WORK TO BE COMPLETED: Write out the records that appear below, verbatim and complete, but without pictures.

EXTRACTED MATERIAL:
---
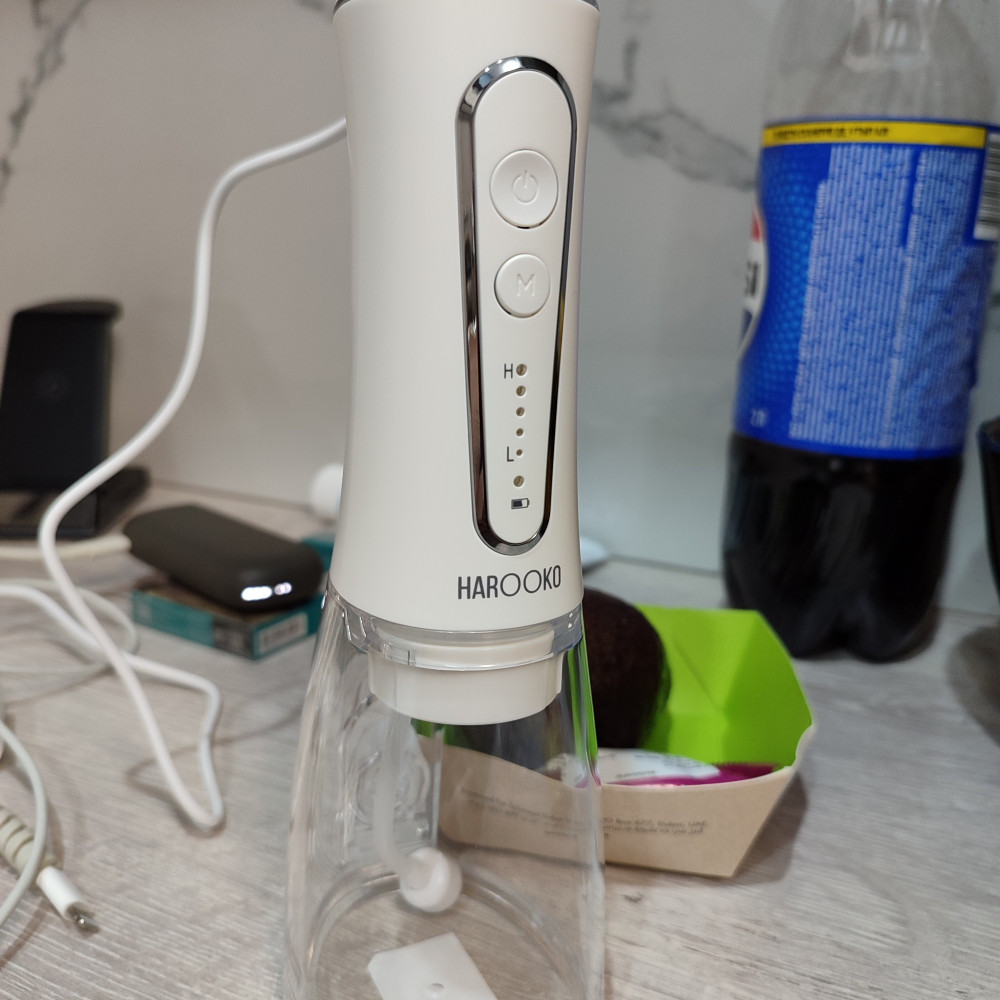 Самая полная комплектация! И адаптер и 10 насадок. Стоматолог рекомендовала именно бренд HAROOKO. Мы не ошиблись. Струя сильная, есть также режим для начинающих.
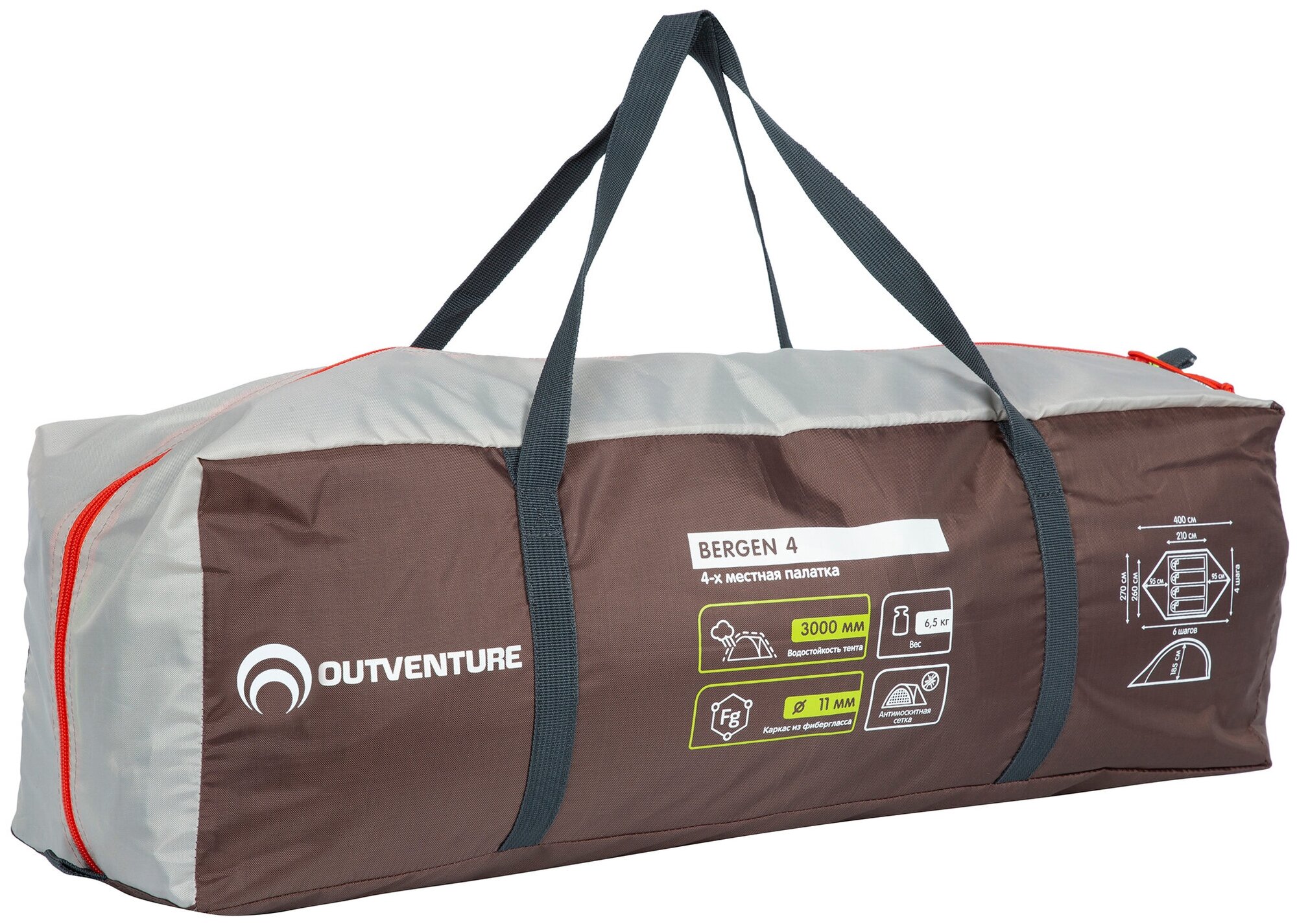 Purpose: camping, number of places: 4, features: UV protection, ventilation holes, wind / snow skirt, inside pockets, inner tent, canopy, taped seams, assembly type: outer frame
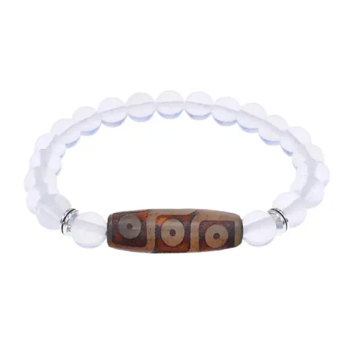 Материал и изготовление: Натуральный агат (бусина Дзи), синтетический лунный камень, эластичная нить.
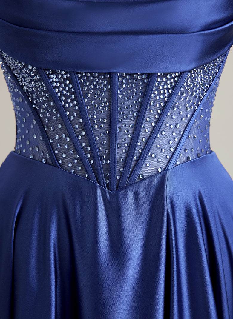 A-line Sweetheart Sweep Train Silky Satin Prom Dresses With Rhinestone
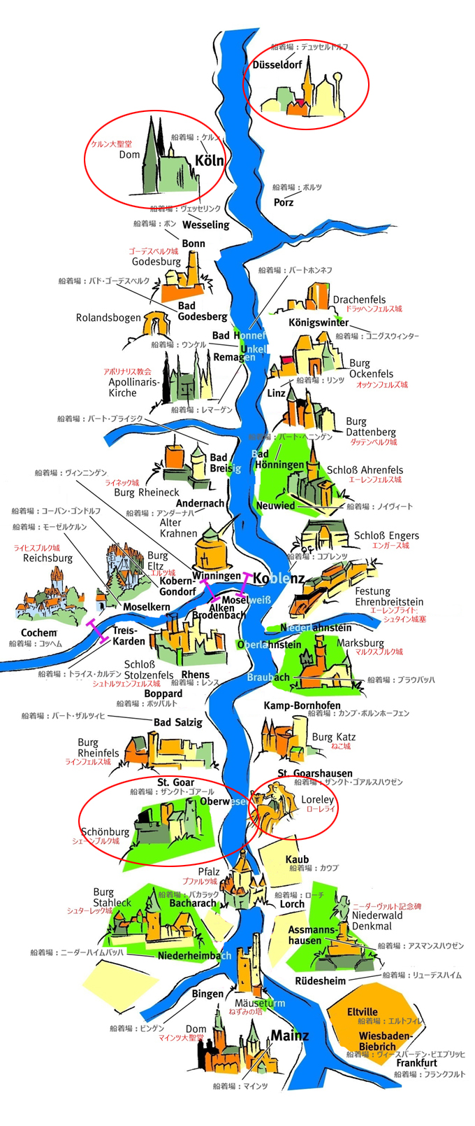 この前ご紹介した、ニューフィル春の定期のチラシですが、来週中には印刷が出来上がることになったのだそうです。まあ、ギリギリ2ヶ月前には間に合ったことになりますね。これからは、一発で承認できるようなデザインを作ってほしいものです。 それを受けて、きのうの練習で団長がそのデザインについてみんなに語っていました。「まだ現物はお見せ出来ませんが」とは言ってましたが、ここを見られる方はもうすでにご覧になっていますね。ですから、それがライン川の河畔の写真であることはすでにご存じの事でしょう。その時に団長は、「ここは○○のあたり」と言ったのですが、実際に行ったことのない私には、それがどこなのかはわかりませんでした。 ![]() そうしたら、このアングルと全く同じ写真が見つかりました。 ![]() さらに、別の写真で個別の建物も見れます。 ![]() ![]() それが、ライン川のどのあたりかというのも、ネットに分かりやすい地図がありました。上が下流、下が上流です。 ![]() さらに、佐々木さんのお話に出てきたケルンは、はるか下流です。さらに、シューマンが投身入水自殺を図ったのは、もっと下流のデュッセルドルフ市内の橋の上からでした。 いつかは、行ってみたいですね。でも、「クルーズ船」はちょっと怖いかも。 |
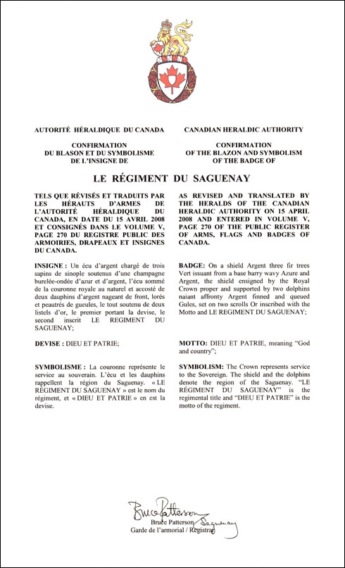 Insigne de Le Régiment du SaguenayBlasonUn écu d’argent chargé de trois sapins de sinople soutenus d’une champagne burelée-ondée d’azur et d’argent, l’écu sommé de la couronne royale au naturel et accosté de deux dauphins d’argent nageant de front, lorés et peautrés de gueules, le tout soutenu de deux listels d’or, le premier portant la devise, le second inscrit LE REGIMENT DU SAGUENAY; SymbolismeLa couronne représente le service au souverain. L’écu et les dauphins rappellent la région du Saguenay. « LE RÉGIMENT DU SAGUENAY » est le nom du régiment, et « DIEU ET PATRIE » en est la devise. |
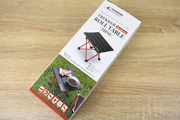 折り畳み式のテーブルを選ぶ上で見逃せないのが“サイズ感”。ただ大きければいいという訳ではなく、用途や人数によって最適なアイテムをチョイスするのが重要です。今回見つけた「トレッカー アルミロールテーブル(ミニ)」は、約550gの軽量アウトドアテーブル。ソロキャンプを楽しむことも多い私にとってちょうどいいサイズ感なのでは… と思い、購入してみました。
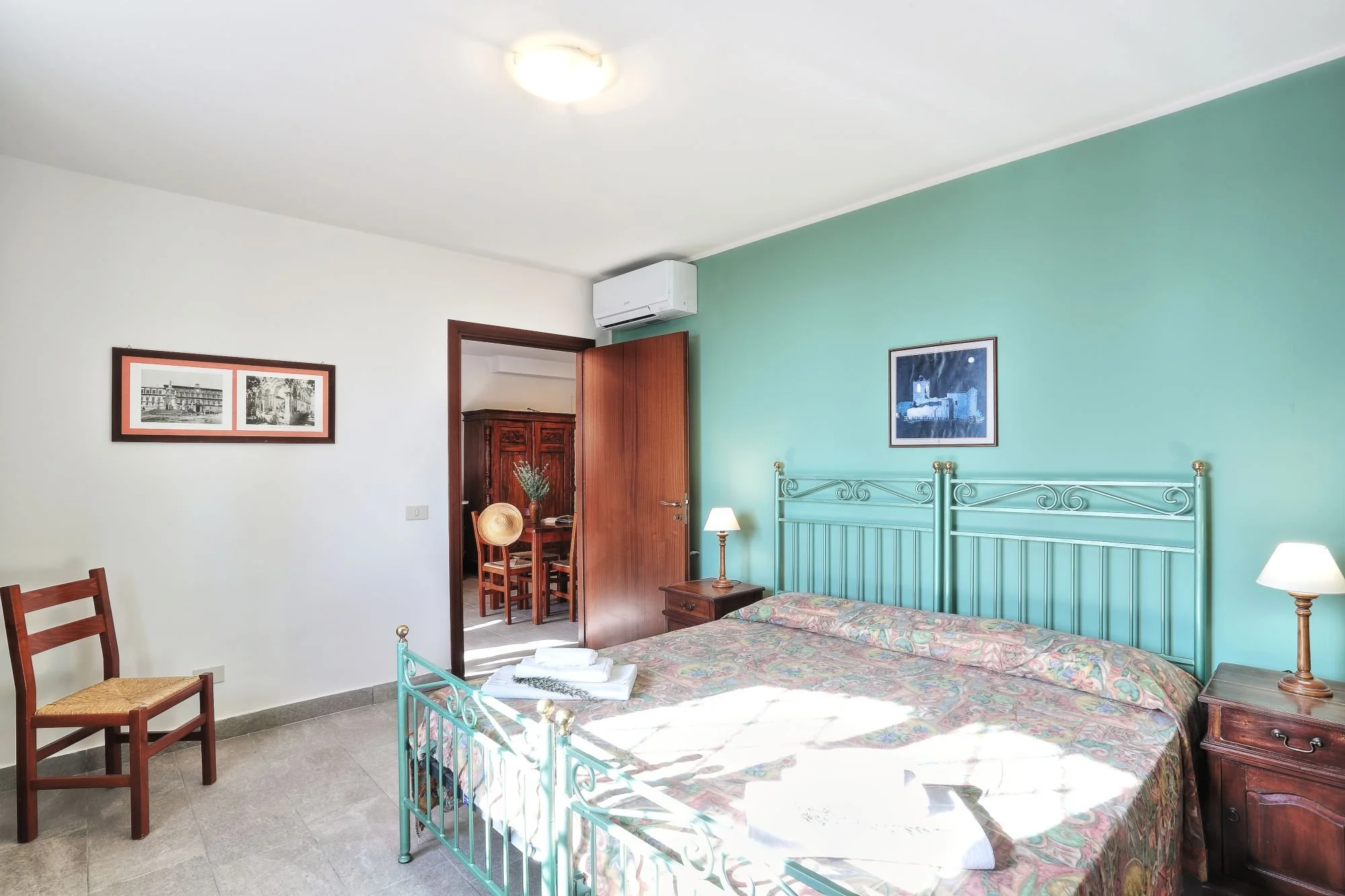 The Crociata apartment is near the reception in the courtyard. It has two bedrooms: one with a double bed, the other with twin beds. Both rooms have views of the Madonie Mountains. The bathroom is small but has everything you need. The living room is large with two sofas and the kitchenette is in a separate room.
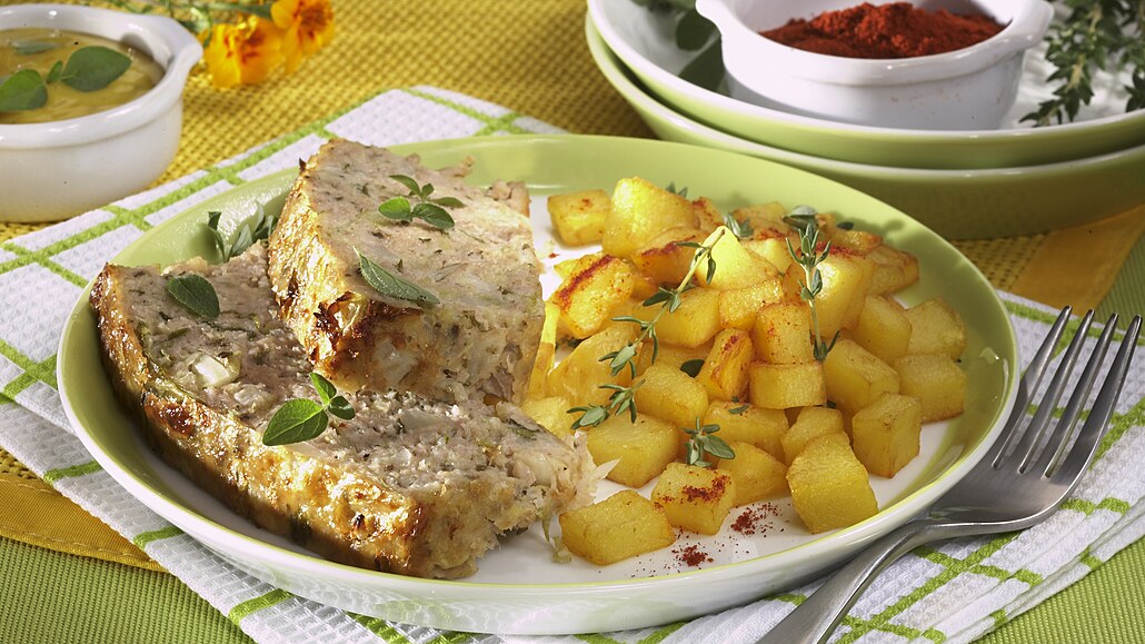 - Masovou směsí naplníme vymazanou a vysypanou formu. V troubě vyhřáté na 190 °C pečeme asi 40 minut. Podáváme s opečenými bramborami.
---
RESULT OF THIS TASK:
 Самая полная комплектация! И адаптер и 10 насадок. Стоматолог рекомендовала именно бренд HAROOKO. Мы не ошиблись. Струя сильная, есть также режим для начинающих.
 Purpose: camping, number of places: 4, features: UV protection, ventilation holes, wind / snow skirt, inside pockets, inner tent, canopy, taped seams, assembly type: outer frame
 Материал и изготовление: Натуральный агат (бусина Дзи), синтетический лунный камень, эластичная нить.
 A-line Sweetheart Sweep Train Silky Satin Prom Dresses With Rhinestone
 この前ご紹介した、ニューフィル春の定期のチラシですが、来週中には印刷が出来上がることになったのだそうです。まあ、ギリギリ2ヶ月前には間に合ったことになりますね。これからは、一発で承認できるようなデザインを作ってほしいものです。 それを受けて、きのうの練習で団長がそのデザインについてみんなに語っていました。「まだ現物はお見せ出来ませんが」とは言ってましたが、ここを見られる方はもうすでにご覧になっていますね。ですから、それがライン川の河畔の写真であることはすでにご存じの事でしょう。その時に団長は、「ここは○○のあたり」と言ったのですが、実際に行ったことのない私には、それがどこなのかはわかりませんでした。 ![]() そうしたら、このアングルと全く同じ写真が見つかりました。 ![]() さらに、別の写真で個別の建物も見れます。 ![]() ![]() それが、ライン川のどのあたりかというのも、ネットに分かりやすい地図がありました。上が下流、下が上流です。 ![]() さらに、佐々木さんのお話に出てきたケルンは、はるか下流です。さらに、シューマンが投身入水自殺を図ったのは、もっと下流のデュッセルドルフ市内の橋の上からでした。 いつかは、行ってみたいですね。でも、「クルーズ船」はちょっと怖いかも。 |
 Insigne de Le Régiment du SaguenayBlasonUn écu d’argent chargé de trois sapins de sinople soutenus d’une champagne burelée-ondée d’azur et d’argent, l’écu sommé de la couronne royale au naturel et accosté de deux dauphins d’argent nageant de front, lorés et peautrés de gueules, le tout soutenu de deux listels d’or, le premier portant la devise, le second inscrit LE REGIMENT DU SAGUENAY; SymbolismeLa couronne représente le service au souverain. L’écu et les dauphins rappellent la région du Saguenay. « LE RÉGIMENT DU SAGUENAY » est le nom du régiment, et « DIEU ET PATRIE » en est la devise. |
 折り畳み式のテーブルを選ぶ上で見逃せないのが“サイズ感”。ただ大きければいいという訳ではなく、用途や人数によって最適なアイテムをチョイスするのが重要です。今回見つけた「トレッカー アルミロールテーブル(ミニ)」は、約550gの軽量アウトドアテーブル。ソロキャンプを楽しむことも多い私にとってちょうどいいサイズ感なのでは… と思い、購入してみました。
 The Crociata apartment is near the reception in the courtyard. It has two bedrooms: one with a double bed, the other with twin beds. Both rooms have views of the Madonie Mountains. The bathroom is small but has everything you need. The living room is large with two sofas and the kitchenette is in a separate room.
 - Masovou směsí naplníme vymazanou a vysypanou formu. V troubě vyhřáté na 190 °C pečeme asi 40 minut. Podáváme s opečenými bramborami.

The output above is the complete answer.